Instruction-Grounded Visual Projectors for Continual Learning of Generative Vision-Language Models

1 School of Computer Science and Engineering, Chung-Ang University, South Korea
2 School of Computer Science, University of Birmingham, United Kingdom
* Corresponding Author
Accepted to ICCV 2025
Instruction-grounded mixture of visual projectors with expert selection conditioned on instruction semantics

An overview of Mixture-of-Visual Projectors (MVP). MVP aligns visual representations with instruction semantics through instruction-grounded projector selection. Multiple projectors act as experts for distinct instruction contexts, while expert recommendation and pruning ensure efficient knowledge reuse and mitigate interference in continual learning.

Abstract

Continual learning enables pre-trained generative visionlanguage models (VLMs) to incorporate knowledge from new tasks without retraining data from previous ones. Recent methods update a visual projector to translate visual information for new tasks, connecting pre-trained vision encoders with large language models. However, such adjustments may cause the models to prioritize visual inputs over language instructions, particularly learning tasks with repetitive types of textual instructions. To address the neglect of language instructions, we propose a novel framework that grounds the translation of visual information on instructions for language models. We introduce a mixture of visual projectors, each serving as a specialized visual-tolanguage translation expert based on the given instruction context to adapt to new tasks. To avoid using experts for irrelevant instruction contexts, we propose an expert recommendation strategy that reuses experts for tasks similar to those previously learned. Additionally, we introduce expert pruning to alleviate interference from the use of experts that cumulatively activated in previous tasks.
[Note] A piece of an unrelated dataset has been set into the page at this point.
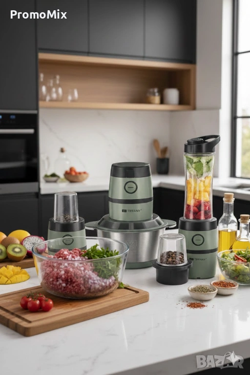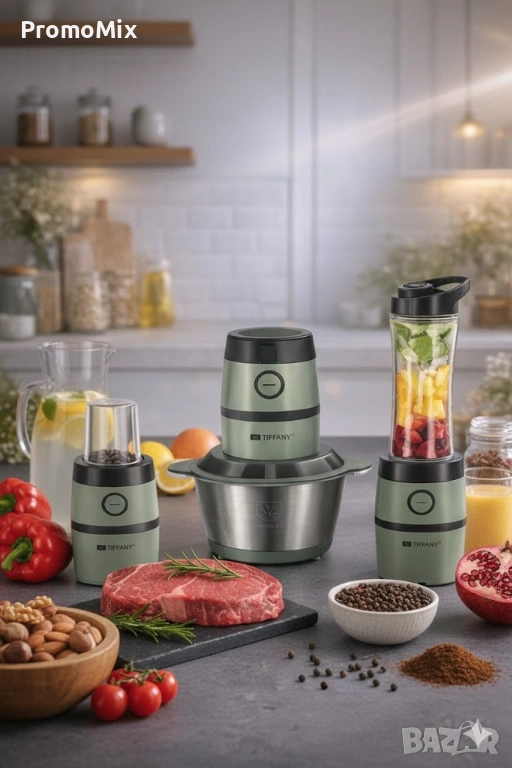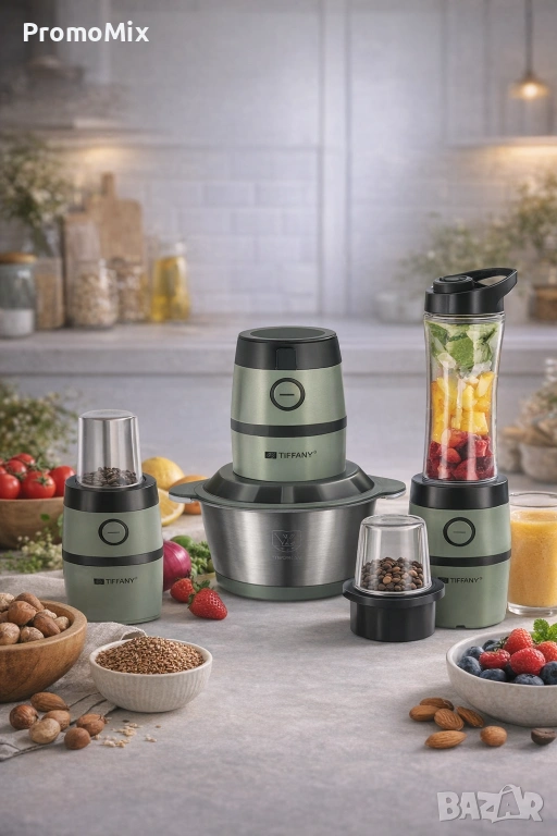 Tiffany TF2003 комбинира 3 уреда в 1 - блендер, чопър и мелничка за кафе, ядки, семена и др.
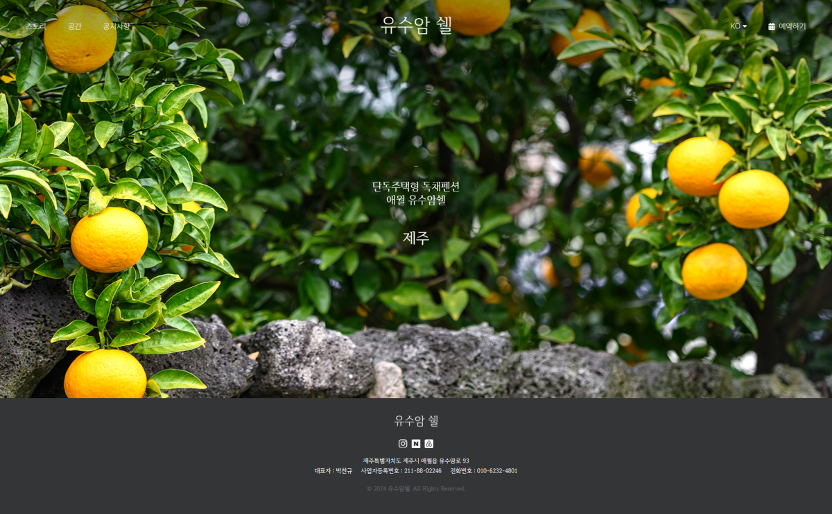 유럽풍 단독주택형 독채펜션 애월 유수암쉘의 펜션 홍보사이트로 스토리, 공간, 공지사항, 예약하기 메뉴로 구성되어 있으며, 디바이스 디스플레이의 종류에 따라 화면의 크기가 자동으로 변화하는 반응형 웹으로 구현하여 웹사이트의 이용편의성을 높였습니다.

Extensive experiments on diverse vision-language tasks demonstrate that our method outperforms existing continual learning approaches by generating instruction-following responses

Motivation of MVP:
In continual learning for vision–language models, visual projectors trained on sequential tasks often overfit to repetitive instruction patterns, causing them to ignore task-specific textual guidance. This imbalance between visual and linguistic representations hinders instruction-aware response generation and results in cumulative interference across tasks.

Method of MVP:
To address this, MVP introduces a mixture of instruction-grounded visual projectors that adaptively route visual inputs based on the semantics of each instruction. An expert recommendation strategy identifies and reuses prior experts associated with semantically related tasks, while expert pruning suppresses those contributing to interference for future tasks. Adaptive Knowledge Aggregation between the pre-trained and newly learned projectors maintains zero-shot generalization while ensuring instruction consistency.